British explorer and seafarer (born c. 1585)

John Knight (born c. 1585, disappeared 26 June 1606) was a British explorer of Greenland and Labrador. He is known for two expeditions: he was a member of a Danish exploration of the coast of Greenland, and he led an expedition to discover the Northwest Passage, during which he was lost.

==Greenland==
In 1605, Knight took part in a Danish expedition to Greenland, led by John Cunningham with James Hall as pilot. Knight captained the pinnace Katten. They sailed from Copenhagen on 2 May. On 30 May, at latitude 59° 50′, they sighted high land, which they called Cape Christian, but the ice prevented them from reaching it.
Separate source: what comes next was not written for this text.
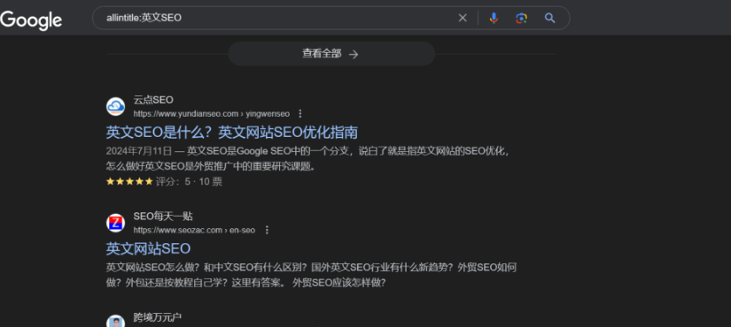 比如,我們想要查找標(biāo)題中包含英文SEO這個(gè)關(guān)鍵詞的頁(yè)面。輸入搜索指令:allintitle:英文SEO

On 12 June, they sighted high land on the west coast of Greenland, and named Cape Anna after Anne of Denmark, wife of James I, Cape Sophia after her mother, King Christian's Fjord, and Cunningham Fjord, in latitude 67° 10′. Some small islands off Cape Sophia were named Knight's Islands. This is apparently the extent of their voyage, of which few particulars have been preserved. They returned to Copenhagen in August.

==Labrador==
In England in the following year he was employed on a joint venture of the Muscovy and East India Companies to find the Northwest Passage. In the Hopewell of forty tons he sailed from Gravesend, Kent, on 18 April 1606, and, leaving the Orkney Islands on 12 May, fell in with a large ice field, and after a long passage made the coast of Labrador, in about lat. 57°, on 19 June. Knight intended to explore the coast during the summer, and to winter ashore.
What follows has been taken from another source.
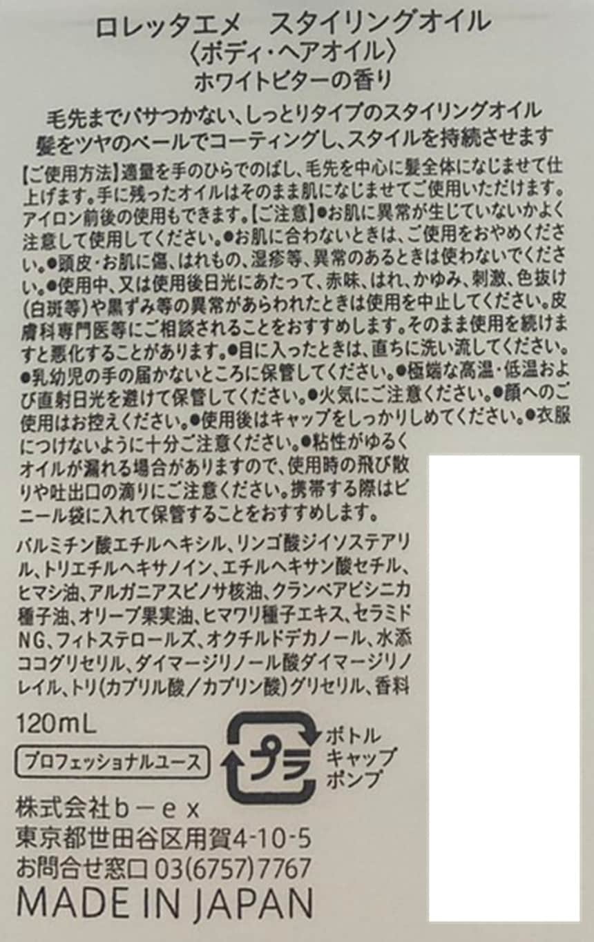 【初回限定】[1個]b-ex LORETTA AIMER ロレッタエメ スタイリングオイル 120mL | 毛先までパサつかないしっとりタイプのスタイリングオイル。アイロン前後の使用でスタイルを持続

The ice was still very troublesome, and after pushing through it for a couple of days the Hopewell anchored. In a violent gale on 23 and 24 June, probably near Nain, the cables parted and the ship drove ashore. She got afloat again, but her rudder was torn off, and she was making a great deal of water. Gorrell, the mate, was sent on shore to look for a place where she could be beached for repairs; he was unsuccessful, so on the next day, 26 June, Knight went himself with Gorrell and four men.

Leaving two men in the boat, Knight and his three companions went inland over a hill and were never seen again. It was concluded that they were killed by local people. The survivors on board repaired the ship as they best could, with some opposition from local people, and so reached Newfoundland, from where they sailed on 22 August, and arrived at Dartmouth, Devon on 24 September.